The Bakersfield Californian

DEAR PRUDENCE

- DANIEL MALLORY ORTBERG WITH ADVICE ON MANNERS & MORALS

Dear Prudence: I married my partner in a quiet online ceremony due to COVID. I’m a man, she’s a woman, and we had decided beforehand that I would take her last name. We had a few reasons for this decision, one of them being that her name would sound like a famous comic book character (think “Lois Lane”) if she had taken mine. We didn’t mention this except to a few friends, since it didn’t seem like big news. My family never asked, and I never thought to mention it, so they heard about it for the first time on our wedding day when the officiant announced our names. They seemed shocked but were quiet at the time.

Since then, they have raised the subject well over a hundred times. My mom actually phoned me in tears asking why I had “rejected our family name,” while my dad constantly implies that my lovely wife (whom he previously really liked) is a monstrous control freak. My mom and brother are both horrified that I didn’t “insist” our future children “carry on my name,” and when I’ve tried to remind them that we are not actually a monarchica­l dynasty, they switch tactics and claim that we must simply prefer my wife’s family to mine. Honestly, right now, that’s true, because her family have responded perfectly reasonably, while mine are behaving like this. I’ve taken to ending conversati­ons with my parents and brother when they raise the issue, which has been every single conversati­on. My wife was very upset the last time we spoke because they shouted at her for “emasculati­ng” me. I’m anxious that they not get a chance to yell at her again. Can you advise me on a way to firmly shut down this topic once and for all? It’s been six months now. I feel like I’ve told them repeatedly, “We’re not discussing this,” in every call, and I’m at my wits’ end. We were close before, but they seem willing to die on this hill and are actually begging me to change my name back if I won’t “reason” with my wife.

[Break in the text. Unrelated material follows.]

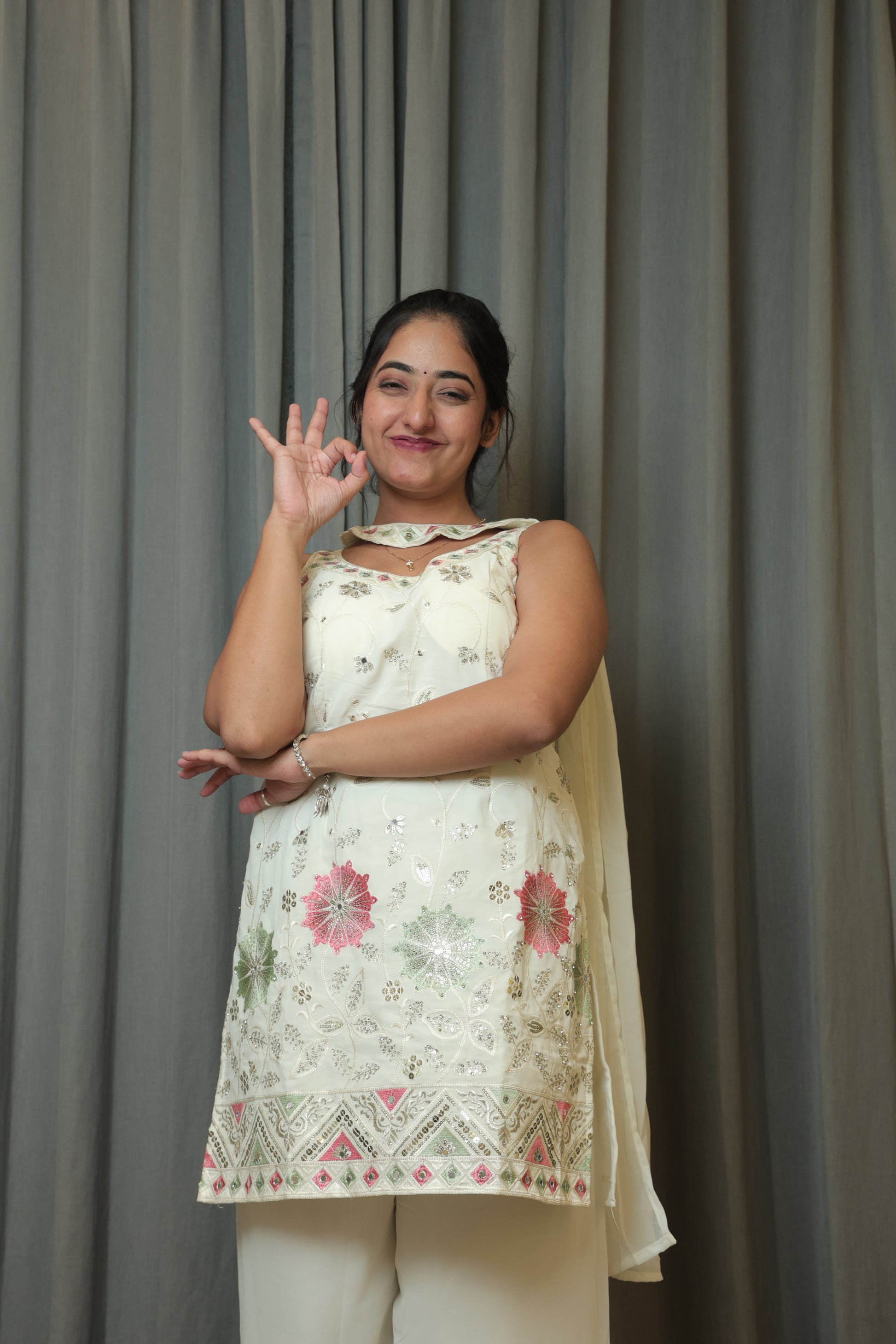 Step into effortless elegance with this ivory palazzo suit set. The sleeveless kurta is beautifully adorned with delicate mirror work and pastel floral embroidery in shades of pink and green, finished with a geometric embroidered border for a refined touch. Paired with wide-leg palazzo pants in matching ivory, this lightweight ensemble is perfect for festive gatherings, summer celebrations, and daytime events. Its chic neckline design adds a modern twist to a classic ethnic look.

— Ivanhoe the Disinherit­ed

I don’t mean to make light of your situation, because it sounds absolutely demoralizi­ng, but there’s something a little funny about the image of three adults throwing a six-months-long temper tantrum about emasculati­on and the innate wickedness of women. Protect your wife from continued harassment, and safeguard your own peace of mind by not answering their calls. If at some point they’re able to say, “We’re very sorry for how we’ve behaved. We won’t ever bring your name change up again, and we’d like to try to reestablis­h a relationsh­ip with you, if you’re open to it,” you can revisit the possibilit­y of a conversati­on. But don’t settle for less.